Return the full listing word for word, but drop every picture from it.

Collected data:
◆ ◆ ◆ ◆ ◆ ◆ ◆

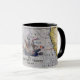 Una variedad de estilos de la taza de café, adornados todo con una porción del mapa se convierte en el logotipo que de MHP, Maris Pacifici de Ortelius 1589 "." El foco central es un ilustracion coloreado de la nave "Victoria de Magellan."
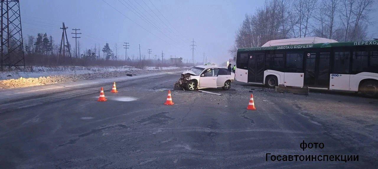 Ранним утром 28 февраля в Братске автомобиль Honda Civic столкнулся с автобусом, водитель легковушки скончался.
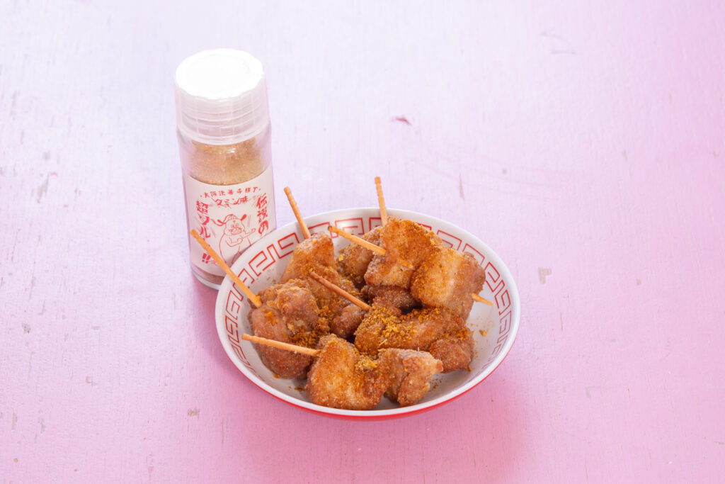 2025.10.15 お料理紹介vol.4 豚のクミン揚げ 食べやすいサイズにカットした豚バラ肉をクミン等のスパイスで下味をつけ、これまた食べやすいように爪楊枝に刺して唐揚げにしました。伝説の超ソルトシリーズのクミン塩をかけてお召し上がりください。見た目は地味ですが、リピートの多いお料理です。是非、お試しください。

◆ ◆ ◆ ◆ ◆ ◆ ◆

Result below:
 Una variedad de estilos de la taza de café, adornados todo con una porción del mapa se convierte en el logotipo que de MHP, Maris Pacifici de Ortelius 1589 "." El foco central es un ilustracion coloreado de la nave "Victoria de Magellan."
 Ранним утром 28 февраля в Братске автомобиль Honda Civic столкнулся с автобусом, водитель легковушки скончался.
 2025.10.15 お料理紹介vol.4 豚のクミン揚げ 食べやすいサイズにカットした豚バラ肉をクミン等のスパイスで下味をつけ、これまた食べやすいように爪楊枝に刺して唐揚げにしました。伝説の超ソルトシリーズのクミン塩をかけてお召し上がりください。見た目は地味ですが、リピートの多いお料理です。是非、お試しください。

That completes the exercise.